Menu

Zuzanka.blogitko

Ta ruda metalówa, co ma bloga o gotowaniu

Yeżyce

Sami nie wiecie, jak wielką radością napawa mnie fakt, że na Jeżycach można zjeść i to można zjeść dobrze, unikalnie, bez surówki z wiadra i z bardzo urozmaiconym jadłospisem. Na rogu Szamarzewskiego i Wawrzyniaka, w dawnym budynku komisu odzieżowego, powstała uroczo hipsterska restauracja z krótkim, często zmieniającym się sezonowym menu, z Fritz-colą, winem i dobrą kawą. Na parterze na paletach kilka stolików tuż przy ulicy, na piętrze restauracja właściwa (schody!). Na ścianie tablica, młodzież może malować kredą, co młodzież zachwyca. Na suficie wiatraki, które również młodzież zachwycają. Ja się cieszę, bo śniadania. I znak, że Jeżyce żyją.

Napisane przez Zuzanka w dniu środa czerwca 12, 2013

Link permanentny - Kategorie: Maja, Fotografia+, Moje miasto, Projekt Jeżyce - Komentarzy: 4

« Marek Raczkowski - Książka, którą napisałem, żeby mieć na dziwki i narkotyki - Lato »

Komentarze

JoP

Hipsterskość jest akurat dla mnie wadą, a nie zaletą, bo mi się przejadła (teraz połowa knajp w Krakowie tak wygląda - dawniej były meble z demobilu i świeczki bezpośrednio na stołach, teraz wszędzie są industrialne lampy, beton na ścianach i europalety/sztuczna trawa robiące za taras), ale to wygląda tak dobrze jedzeniowo, że bezwzględnie zajrzę przy najbliższej bytności (jednej z wielu, pracuję w Poznaniu, zdalnie, no ale), bo ileż można Francuskiego Łącznika/Mielżyńskiego/cokolwiek w Starym Browarze.

Zuzanka

Hipsterskość sama w sobie owszem, mnie tutaj bawi przez kontrast z nobliwością/dresiarskością okolicy.
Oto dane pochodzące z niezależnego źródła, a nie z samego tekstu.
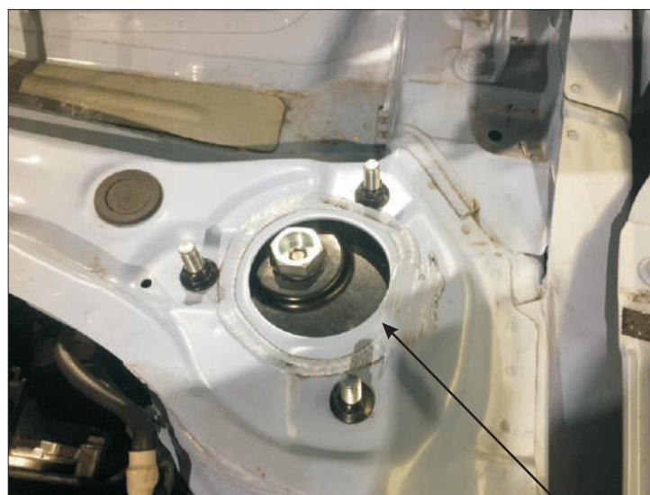
LH side shown - max camber caster

N.B: It is recommended that a licenced workshop or tradesperson carry out the above procedure and that workshop manual and relevant safety procedures are followed in addition to the above.

Jedzeniowo polecam, bez dwóch zdań. Napiszę też parę słów niebawem o Jadalni, w końcu chodzę co dzień prawie (fakt, że to na uboczu mocno).

Stacha

Pamiętam ten second hand, mieszkałam w kamienicy obok :) trzeba będzie odwiedzić stare kąty:D

Zuzanka

@Stacha, koniecznie :-) Z zabawnych rzeczy - na google street view są zdjęcia z 2011 i wtedy jeszcze był komis.

Tsd, obiady również bardzo fajne - barszcz ze świeżym majerankiem i fasolą świetny, dawno tak dobrze przyprawionego nie jadłam.